The other opportunity I had with this assignment was to spend a couple days at the Nanbou Elementary School, which too was a completely different experience.  Again, 9 students compared to 900 makes for a distinctly different atmosphere.  My duties at this school remained giving my self-introduction, and being awesome.  But beyond the call of duty, I also made an effort to participate in the 5th and 6th grade swimming event.  The summer is when all schools get the pools cleaned and prepped for the students, and this was to be the conclusion of that time.  I had participated with my other schools as well, but those instances were only practice for this event.  All students would be tested on their ability to swim 200 meters.  While the other students were waiting their turn, they were tasked with cheering for the swimming students in the pool.  Naturally excitement grew stale after an hour of this, so I stepped up.  I had entire classes of students chanting American cheers, and singing the Zombie Nation hook, common among the Dew Crew before the game.  It was a lot of fun getting the call and answer going with these kids.  I also worked to get the wave going around the pool but all the students at the edge, though I couldn’t get complete pass.  My other great contribution to the day was getting into the pool as well.  I was used to demonstrate swimming with good form, and then at maximum speed.  Also, they had me swim with a ball to simulate water polo.  At the end of all the swimming, 200m freestyle relays were done by the students.  I entered as a single man team, swimming I.M.  It was actually a close race, with me losing, and also being terribly out of breath.  Had to maintain the breathing to look cool though.  I had the kids pumped up, and  was really just embracing my roll as fun lovin’ foreigner.

Welcome to [classroom] 6-5 Mr.
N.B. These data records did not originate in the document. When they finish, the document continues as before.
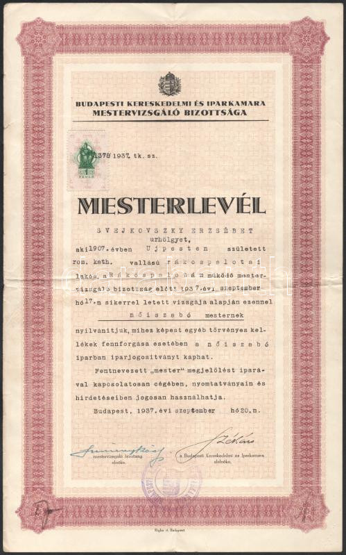Beschreibung: 1937 Budapest, mesterlevél, rákospalotai női szabó részére.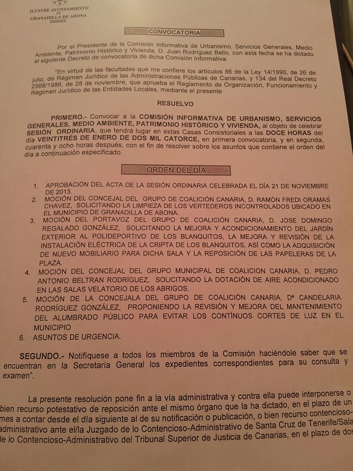 Nuestro grupo municipal ha presentado cuatro mociones que se han debatido en la comisión de Servicios Generales celebrada el pasado jueves 23 de enero de 2014. Todas las mociones presentadas en esta comisión son de Coalición Canaria: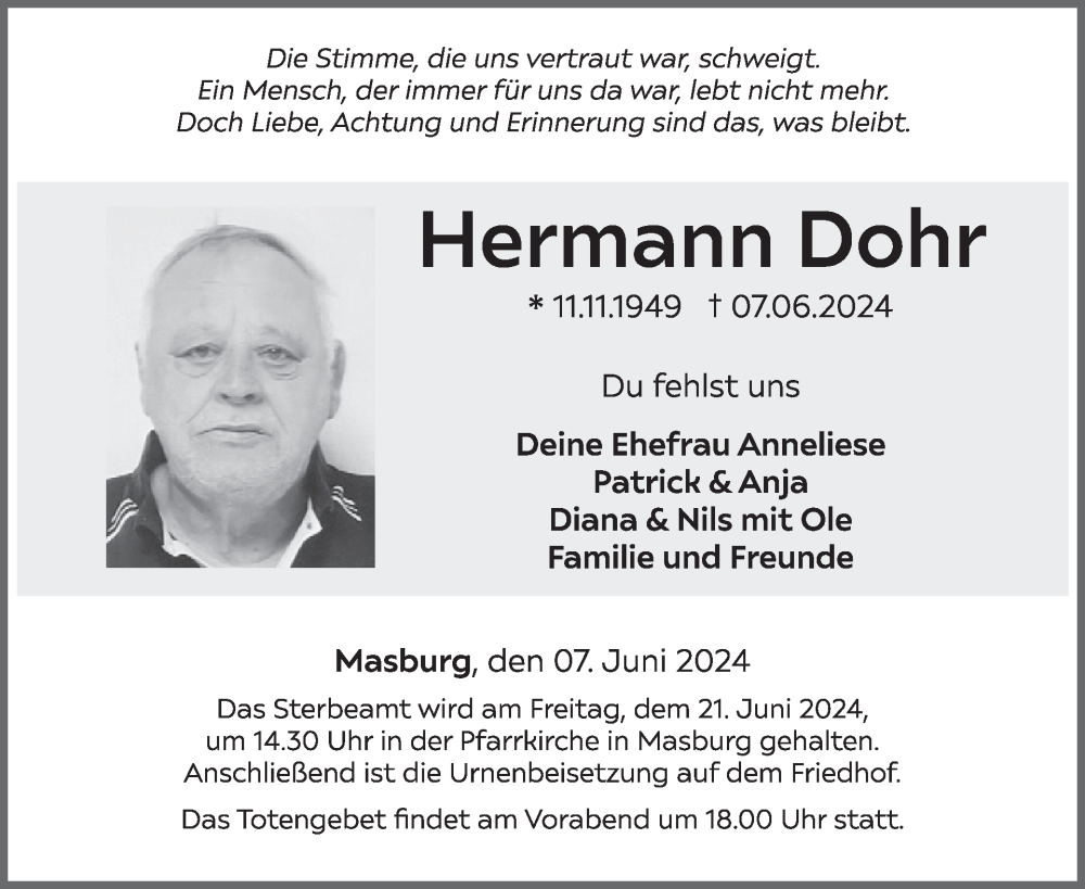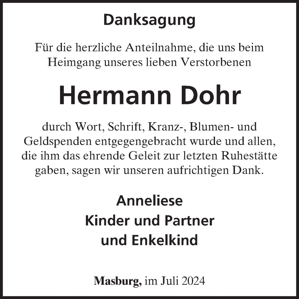 Hier finden Sie alle Traueranzeigen aus der Zeitung, die bisher für Hermann Dohr erschienen sind. Weitere Traueranzeigen, die in der Zeitung erscheinen, werden hier ebenfalls aufgelistet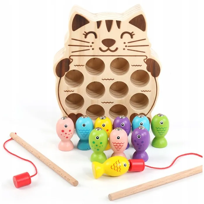 У набір входять різнокольорові рибки з магнітами, які ми піднімаємо за допомогою вудилища, а потім поміщаємо в отвори основи кота. Дитина може вільно рухатися і сортувати рибок. Така забава не набридне швидко! :)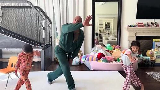 Заботливый отец Дуэйн «Скала» Джонсон танцует с дочерьми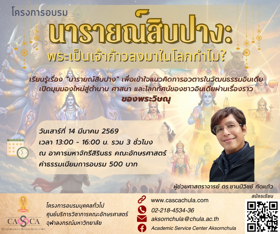 – “นารายณ์สิบปาง : พระเป็นเจ้าก้าวลงมาในโลกทำไม?” (On-site)ทำความเข้าใจปกรณัมอินเดียในมุมมองใหม่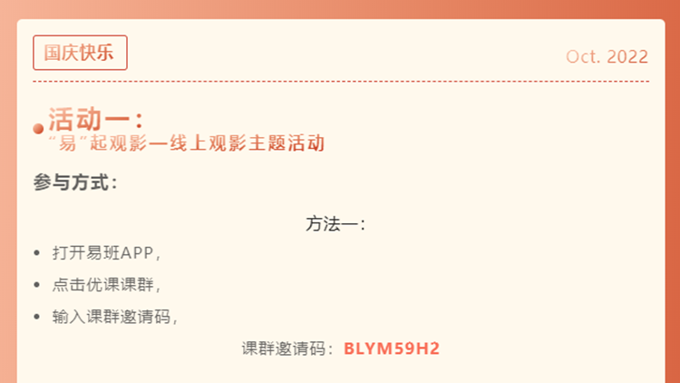 學(xué)生處通過(guò)易班平臺(tái)舉辦了易”起線(xiàn)上觀影、“易”句告白祖國(guó)、“易”起學(xué)習(xí)優(yōu)課等活動(dòng),邀請(qǐng)全校師生觀看紅色電影、抒發(fā)愛(ài)國(guó)之情、參與“喜迎黨的二十大”優(yōu)課課群答題,重溫黨的百年征程波瀾壯闊,感受百年黨史篳路藍(lán)縷和百年初心歷久彌堅(jiān)。

Justin!

I should probably add that I was really popular throughout my time as a substitute, like, I had never had my ego inflated to that extent before.  I would strut the halls dishing out high fives, heys and hellos to my fawning groupies between lessons.  All were particularly impressed with my hair, which was a bit longer at the time and quite blonde.  I was equated to a king more than once, and I was able to joke with them about being a movie star.  Basically I had a really good time being me at that school.  Part of this popularity was that the teacher who had deserted had been there for 5 years, so just having a new foreigner face there was enough to spark the interest of the masses.  Also, quite frankly, I am Justin Bussies.

11 Seconds of my posse, at the elementary school.  This was the mob I had to fend off just walking the halls.

As said before, I really treasured this chance to see outside of my own school.  When finally back where I belonged, there was certainly a new found appreciation for the sense of community among my students.  I also came to better understand more of the things that make my Shionoe so uniquely fantastic.